Historical data show Bangladesh had achieved higher measles coverage before 2024, keeping annual cases below 1,000 in most years. The current trajectory reverses years of progress and threatens neighboring countries with cross-border transmission if containment fails.
Health ministry teams continue daily tallies from every district health office. On May 13 alone the 1,115 new suspected cases represented a 40 percent jump over the previous day average. Laboratory capacity has been expanded to process more samples, yet confirmation still lags behind clinical reports.
Prof Be-Nazir Ahmed warned that without rapid restoration of coverage above 95 percent in every upazila, further waves remain likely. He called for an immediate national campaign combining fixed posts and outreach teams to reach children missed during the past two years.
Abu Hussain Md Moinul Ahsan echoed the urgency, noting that every week of delay adds hundreds more preventable infections.
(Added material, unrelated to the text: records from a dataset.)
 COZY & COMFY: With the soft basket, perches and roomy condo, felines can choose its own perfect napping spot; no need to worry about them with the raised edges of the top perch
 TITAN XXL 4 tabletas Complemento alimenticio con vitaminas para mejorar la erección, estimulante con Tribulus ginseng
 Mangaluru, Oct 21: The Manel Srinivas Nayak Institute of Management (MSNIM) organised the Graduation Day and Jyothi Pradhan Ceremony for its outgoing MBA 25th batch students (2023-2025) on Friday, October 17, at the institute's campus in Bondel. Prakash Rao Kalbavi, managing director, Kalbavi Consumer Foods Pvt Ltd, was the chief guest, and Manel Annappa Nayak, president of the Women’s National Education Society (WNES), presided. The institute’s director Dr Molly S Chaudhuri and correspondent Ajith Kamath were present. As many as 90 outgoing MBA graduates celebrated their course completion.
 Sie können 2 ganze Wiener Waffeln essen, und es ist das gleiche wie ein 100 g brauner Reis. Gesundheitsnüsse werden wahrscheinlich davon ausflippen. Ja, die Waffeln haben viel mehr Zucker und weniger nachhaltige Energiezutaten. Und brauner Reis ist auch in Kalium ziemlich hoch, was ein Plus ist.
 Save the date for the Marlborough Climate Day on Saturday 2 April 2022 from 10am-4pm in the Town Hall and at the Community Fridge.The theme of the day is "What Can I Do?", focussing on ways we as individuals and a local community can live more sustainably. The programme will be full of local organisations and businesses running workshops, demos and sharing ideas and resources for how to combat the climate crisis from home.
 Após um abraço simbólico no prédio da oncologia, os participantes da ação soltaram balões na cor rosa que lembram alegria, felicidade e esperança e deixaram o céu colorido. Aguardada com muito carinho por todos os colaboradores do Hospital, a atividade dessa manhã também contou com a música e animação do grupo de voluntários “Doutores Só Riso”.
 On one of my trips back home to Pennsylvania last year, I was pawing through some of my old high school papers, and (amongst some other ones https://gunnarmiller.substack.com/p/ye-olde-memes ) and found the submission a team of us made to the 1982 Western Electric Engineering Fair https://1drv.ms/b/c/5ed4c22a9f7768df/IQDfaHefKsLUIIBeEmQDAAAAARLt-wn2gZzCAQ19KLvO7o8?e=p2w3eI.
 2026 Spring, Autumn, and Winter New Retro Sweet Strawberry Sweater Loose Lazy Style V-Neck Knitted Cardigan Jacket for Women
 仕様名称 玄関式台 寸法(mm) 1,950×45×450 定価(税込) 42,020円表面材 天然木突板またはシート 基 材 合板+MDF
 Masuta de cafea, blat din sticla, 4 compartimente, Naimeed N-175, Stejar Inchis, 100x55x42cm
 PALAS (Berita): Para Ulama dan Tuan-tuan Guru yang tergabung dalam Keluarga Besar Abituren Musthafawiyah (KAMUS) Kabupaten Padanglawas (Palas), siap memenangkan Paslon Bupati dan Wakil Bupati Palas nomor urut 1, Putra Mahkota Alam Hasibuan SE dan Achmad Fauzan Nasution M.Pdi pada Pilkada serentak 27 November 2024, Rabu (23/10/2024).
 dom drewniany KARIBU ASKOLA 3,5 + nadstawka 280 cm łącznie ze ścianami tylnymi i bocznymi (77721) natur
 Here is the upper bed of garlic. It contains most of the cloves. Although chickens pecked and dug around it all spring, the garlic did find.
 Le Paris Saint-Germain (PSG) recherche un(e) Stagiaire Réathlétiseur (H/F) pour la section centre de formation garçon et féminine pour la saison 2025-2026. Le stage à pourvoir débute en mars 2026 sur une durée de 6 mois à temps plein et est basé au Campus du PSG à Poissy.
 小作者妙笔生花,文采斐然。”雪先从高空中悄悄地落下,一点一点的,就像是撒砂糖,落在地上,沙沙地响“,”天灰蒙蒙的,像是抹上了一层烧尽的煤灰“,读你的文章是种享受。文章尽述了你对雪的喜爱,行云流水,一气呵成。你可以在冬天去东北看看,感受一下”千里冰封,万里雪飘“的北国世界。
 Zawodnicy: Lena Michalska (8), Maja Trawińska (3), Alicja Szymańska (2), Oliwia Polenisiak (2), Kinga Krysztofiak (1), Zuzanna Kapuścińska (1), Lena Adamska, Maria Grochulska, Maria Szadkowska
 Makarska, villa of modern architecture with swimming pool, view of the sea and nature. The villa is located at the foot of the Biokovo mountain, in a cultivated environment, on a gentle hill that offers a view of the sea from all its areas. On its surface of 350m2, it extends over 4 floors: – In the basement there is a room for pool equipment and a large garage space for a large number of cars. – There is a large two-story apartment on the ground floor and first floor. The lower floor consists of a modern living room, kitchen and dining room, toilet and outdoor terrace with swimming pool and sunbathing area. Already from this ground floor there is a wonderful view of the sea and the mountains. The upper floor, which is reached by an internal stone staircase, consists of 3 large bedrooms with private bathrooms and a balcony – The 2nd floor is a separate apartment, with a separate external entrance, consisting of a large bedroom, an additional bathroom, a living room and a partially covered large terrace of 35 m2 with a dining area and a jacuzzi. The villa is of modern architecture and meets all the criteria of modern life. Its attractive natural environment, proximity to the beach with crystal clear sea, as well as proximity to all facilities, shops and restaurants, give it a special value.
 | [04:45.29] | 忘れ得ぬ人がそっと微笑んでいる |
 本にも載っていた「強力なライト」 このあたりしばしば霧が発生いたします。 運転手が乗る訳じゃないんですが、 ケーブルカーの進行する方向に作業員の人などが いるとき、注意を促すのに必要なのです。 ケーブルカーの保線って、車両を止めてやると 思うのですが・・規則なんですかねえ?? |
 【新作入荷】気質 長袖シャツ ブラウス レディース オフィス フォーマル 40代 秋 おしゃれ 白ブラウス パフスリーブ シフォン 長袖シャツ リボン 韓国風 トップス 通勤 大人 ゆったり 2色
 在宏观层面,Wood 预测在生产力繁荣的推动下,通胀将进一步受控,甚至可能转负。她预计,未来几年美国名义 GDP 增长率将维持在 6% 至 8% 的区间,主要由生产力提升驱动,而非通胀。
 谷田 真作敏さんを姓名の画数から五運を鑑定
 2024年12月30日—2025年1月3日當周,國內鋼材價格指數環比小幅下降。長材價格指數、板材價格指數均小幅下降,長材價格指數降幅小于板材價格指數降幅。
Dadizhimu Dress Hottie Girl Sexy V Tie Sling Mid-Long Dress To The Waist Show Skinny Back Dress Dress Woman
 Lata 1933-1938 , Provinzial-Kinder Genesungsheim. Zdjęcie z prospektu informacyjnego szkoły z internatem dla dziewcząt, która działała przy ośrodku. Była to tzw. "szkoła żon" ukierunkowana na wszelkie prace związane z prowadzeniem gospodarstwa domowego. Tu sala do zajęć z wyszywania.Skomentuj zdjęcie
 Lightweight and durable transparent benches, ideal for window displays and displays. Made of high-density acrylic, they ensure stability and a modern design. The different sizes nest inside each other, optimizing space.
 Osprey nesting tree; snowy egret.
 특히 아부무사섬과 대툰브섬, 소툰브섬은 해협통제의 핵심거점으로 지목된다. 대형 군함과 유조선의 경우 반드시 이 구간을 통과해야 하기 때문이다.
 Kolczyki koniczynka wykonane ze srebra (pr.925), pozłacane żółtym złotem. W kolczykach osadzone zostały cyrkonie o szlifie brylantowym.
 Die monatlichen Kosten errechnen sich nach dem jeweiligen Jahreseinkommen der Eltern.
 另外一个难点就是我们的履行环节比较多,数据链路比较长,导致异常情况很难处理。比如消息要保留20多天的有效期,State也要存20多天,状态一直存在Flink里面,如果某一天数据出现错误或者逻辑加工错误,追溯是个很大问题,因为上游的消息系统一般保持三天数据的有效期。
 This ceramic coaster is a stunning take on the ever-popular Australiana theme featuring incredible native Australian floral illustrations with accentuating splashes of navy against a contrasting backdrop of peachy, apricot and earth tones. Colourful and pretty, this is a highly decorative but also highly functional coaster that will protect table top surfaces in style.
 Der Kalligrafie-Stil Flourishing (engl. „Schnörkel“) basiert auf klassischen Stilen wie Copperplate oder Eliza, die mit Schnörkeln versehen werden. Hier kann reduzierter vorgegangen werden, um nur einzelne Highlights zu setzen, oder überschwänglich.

He said the ministry is requesting additional funding for vaccine procurement and cold-chain equipment to sustain the response through the monsoon season when respiratory illnesses typically rise.
Local non-governmental organizations have mobilized volunteers to support surveillance and referral of severe cases. These groups report that many parents only seek care after complications appear, underscoring the need for earlier detection at the community level.
The outbreak has drawn attention to broader weaknesses in primary healthcare delivery exposed since 2024. Routine services such as growth monitoring and nutrition counseling were deprioritized during the transition, leaving children more susceptible to severe measles outcomes.
Despite the grim numbers, some districts have begun to stabilize after intensive vaccination drives. Officials point to localized successes where coverage was restored above 80 percent within weeks, showing that rapid action can still bend the epidemic curve.
Parents who lost children to measles describe profound grief compounded by the knowledge that the disease is preventable. Their accounts underscore the human cost behind each daily statistic reported from district hospitals.
Health authorities continue to urge families to complete the two-dose measles vaccine schedule even if children received one dose previously. Catch-up immunization remains the only proven way to close the immunity gaps fueling the current surge.
As May progresses, the focus remains on scaling up both vaccination and supportive care. The 1,115 cases recorded on May 13 serve as a stark reminder that the window for decisive intervention is narrowing with each passing day.